27 kelompok referensi dalam pelaporan pajak, dan faktor tersedianya barang publik (Trivedi et al:2001). Selain itu, Illiyina Perdanawati (2008:1) dalam penelitiannya juga mengemukakan beberapa faktor yang dapat mempengaruhi tingkat kepatuhan Wajib Pajak berdasarkan pendapat Homans yang dikutip oleh Gunadi (2005), yaitu: a. Cost of Compliance Yaitu biaya-biaya selain pajak terutang yang dibayarkan atau dikeluarkan Wajib Pajak dalam rangka pemenuhan kewajiban pajak. Cost of Compliance yang tinggi dapat menyebabkan Wajib Pajak tidak patuh. Sebaliknya, Cost of Compliance yang rendah dapat menyebabkan tingkat kepatuhan Wajib Pajak menjadi tinggi. b. Tax Regulation Undang-undang dan peraturan pajak yang jelas, mudah dan sederhana sserta tidak menimbulkan penfsiran yang berbeda-beda bagi fiskus maupun Wajib Pajak akan meningkatkan kepatuhan pajak. c. Law Enforcement Permasalahan dalam Law Enforcement atau penegakan hukum adalah implementasi peraturan yang dilakukan secara tidak memadai atau tidak sesuai dengan ketetuan yang digariskan. Dalam hal ini, ketentuan dalam peraturan perundang-undangan sudah jelas dan tidak berpotensi menimbulkan banyak penafsiran, namun ketentuan tersebut tidak dilaksanakan oleh fiskus dengan berbagai alasan.

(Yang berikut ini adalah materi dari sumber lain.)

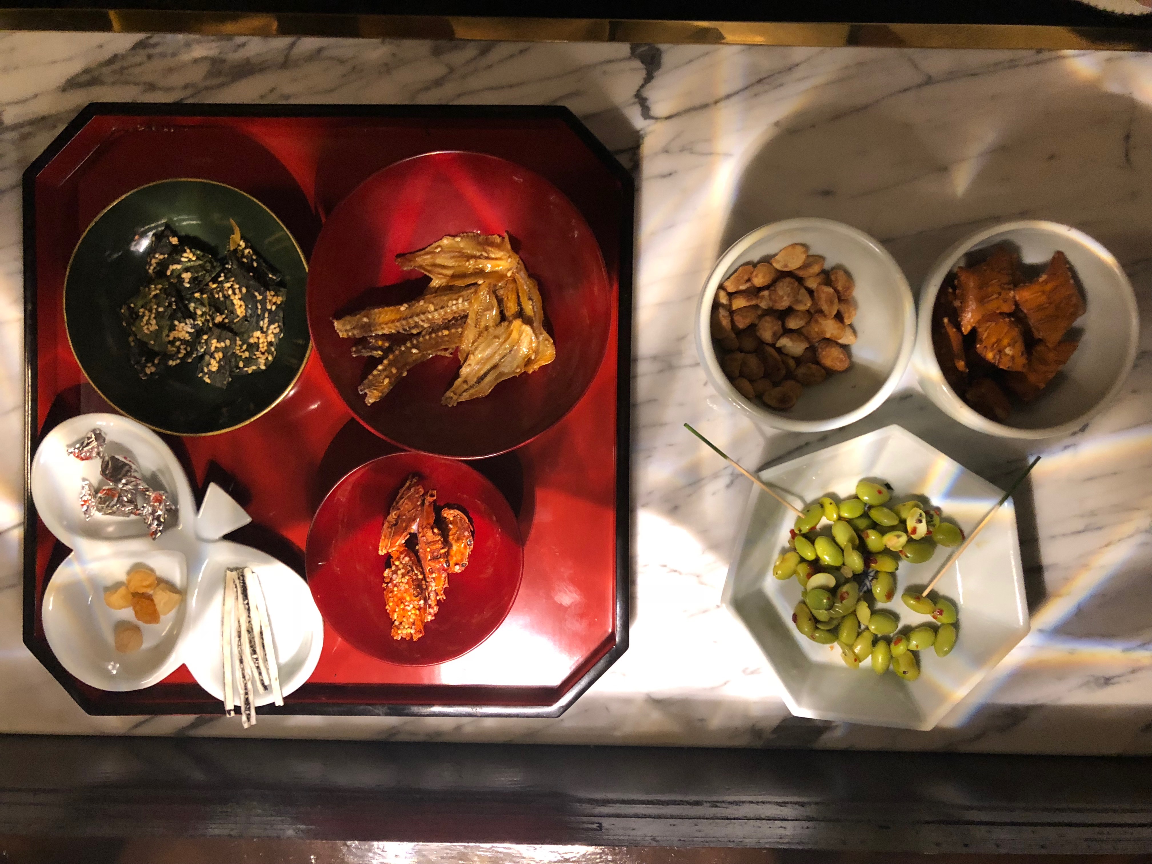 그리고 일본에서 직접 사 오신 안주들이라고 하시며 사장님께서 몇 개를 더 꺼내 주셨습니다. 해산물 종류였는데 모두 맛이 매우 짭짤했어요. 그래서 하나를 먹더라도 조금씩 잘라서 먹게 되더라고요. 깔끔한 술과는 잘 어울리는 안주들이었습니다.
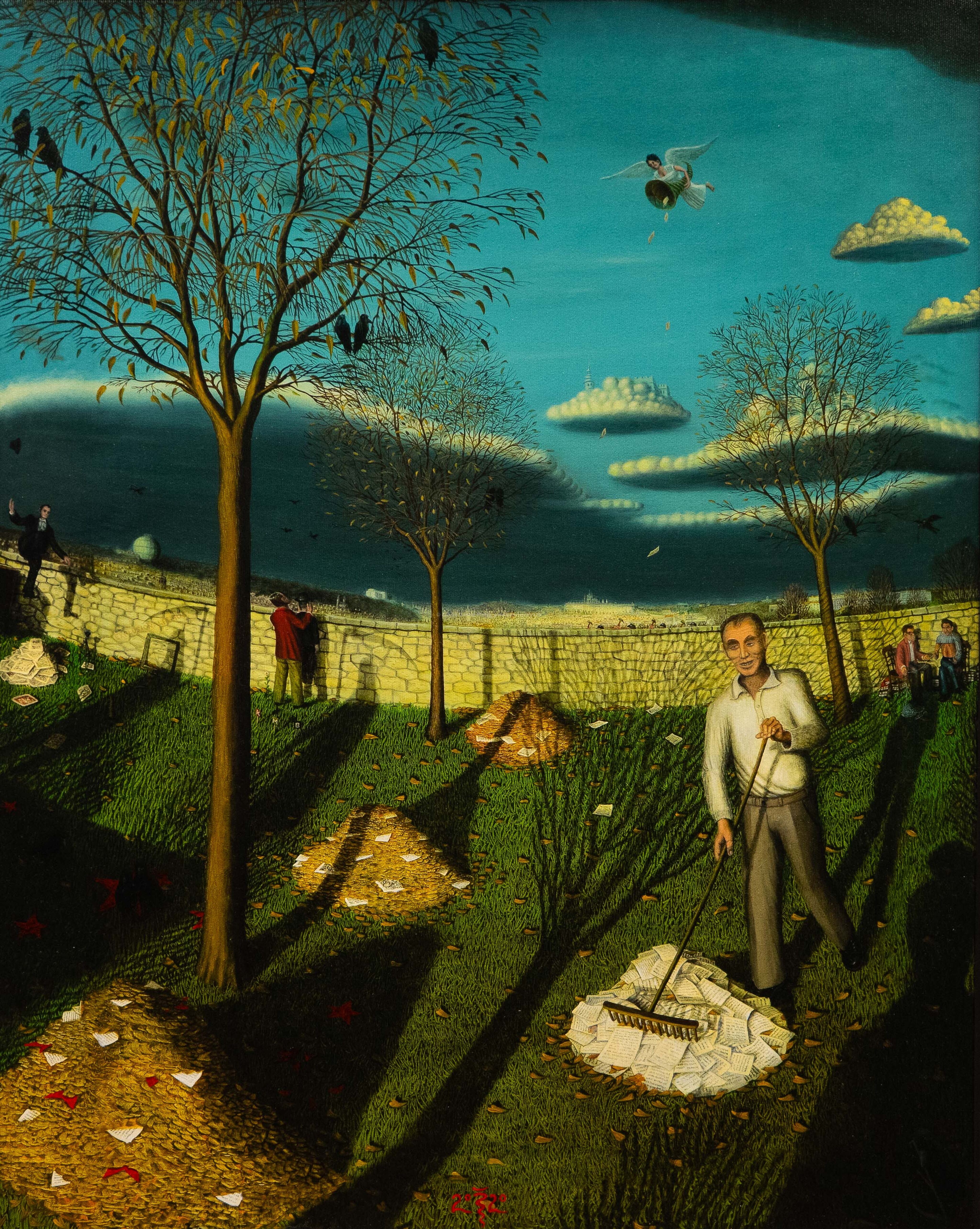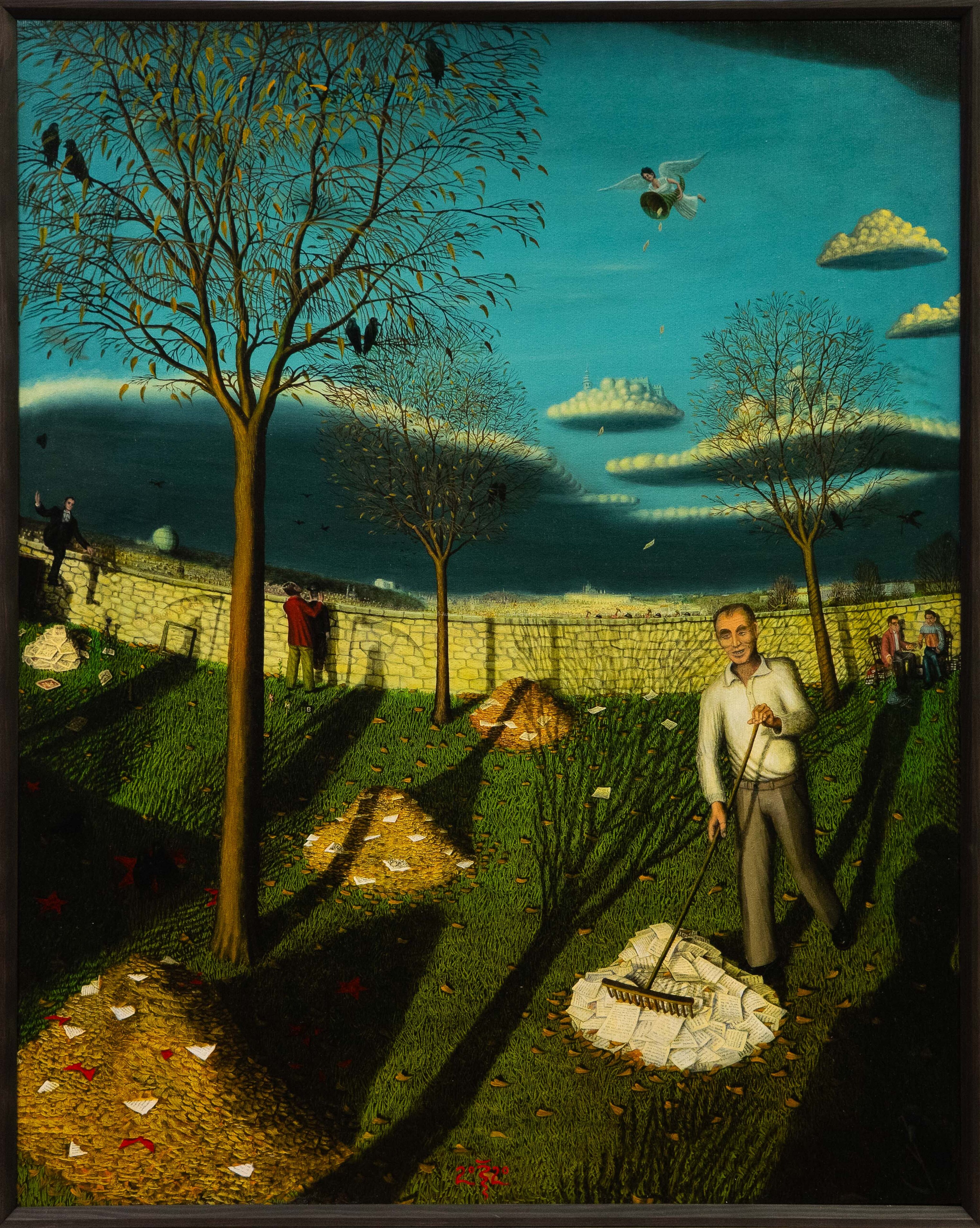 kombinovaná technika, olej/inkoust/akryl, rozměr 70 x 56 cm, značeno a datováno ve spodní části, rámováno

28 Penelitian sebelumnya Pada kesempatan ini juga penulis menegaskan beberapa penekanan yang menjadi titik perhatian dibandingkan dengan yang dilakukan oleh Sdri Wieta Chairunesia (2010) sbb: 1. Penekanan yang penulis teliti adalah dari sudut Wajib Pajak, sedangkan peneliti sebelumnya adalah dari sudut Kebijakannya. 2. Sesuai dengan diterbitkannya PP No.5 Tahun 2008, Pemberlakuan Sunset Policy diperpanjang dari 31 Desember 2008 menjadi sampai 28 Februari 2009. Walau hanya 2 bulan perpanjangan, Penulis berpendapat, dampak dari 2 bulan tersebut akan lebih melengkapi terhadap penilitan sebelumnya. 3. Dalam melakukan perbandingan, agar data yang diperbandingkan berada pada proporsi yang sepadan, maka data tahun 2007 dan tahun 2008 penulis merataratakan secara 2 bulanan, karena diperbandingkan dengan data tahun 2009 yang hanya 2 bulan. Hal ini tidak dilakukan dalam penelitian sebelumnya karena hanya membandingkan data tahun 2007 dengan data tahun 2008.